Morningstar maintains performance data on open-end funds in 103 categories, with closed-end funds competing in 76 of them. Because we see closed-end funds as long-term investments, we looked at 25 categories that had at least seven closed-end funds with five- and 10-year histories through Dec. 31, 2013. We compared both types of funds on a total-return-to-NAV basis to see whether the features of closed-end funds enhanced performance.

Over the last five years, which was a generally up market, closed-end funds outperformed in 22 of the categories, or 88% of them, by an average annualized total return of 3.45%. Likewise, over 10 years, 80% of the closed-end fund sectors outperformed, but by an average annualized total return of just 0.44%, which is understandable given the 2007-08 financial crisis that affected many closed-end funds more because of their heavier use of leverage.

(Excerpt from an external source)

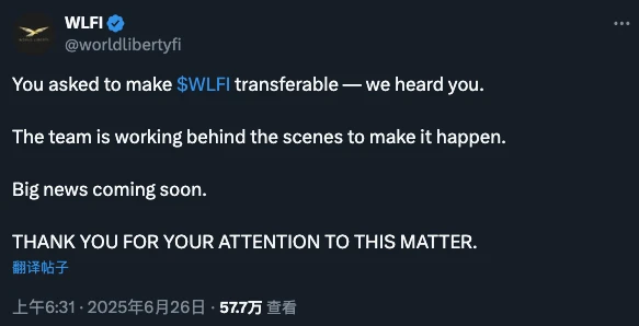 今晨,特朗普家族加密项目 World Liberty Financial(WLFI) 发帖 称即将有重大新闻发布并暗示与开启代币转移有关。社区对于 WLFI 的热情再度高涨,高呼“大的要来了”。

Notably for both the five- and 10-year periods, in four of eight instances where a closed-end fund category underperformed the open-end fund category, the difference was less than 1.7% and more than 4% in just three cases. And, over the five years, 12 closed-end fund categories outperformed by an annualized total return of more than 4%, and 17 categories did so by more than 3%. For 10 years, closed-end funds still beat out the open-end funds in 13 categories by 1% or more.

During the 2007-08 financial crisis years, both closed- and open-end funds generally suffered losses, yet closed-end funds underperformed in 24 categories, by an average annualized total return of 9.4%, largely due to the impact of leverage.

Does this data prove that investors should choose closed-end funds over open-end funds? Of course not; however, the data does suggest that investors may want to give closed-end funds greater consideration for inclusion in their long-term portfolio.

Robert Kenyon is managing director for business development at Virtus Investment Partners.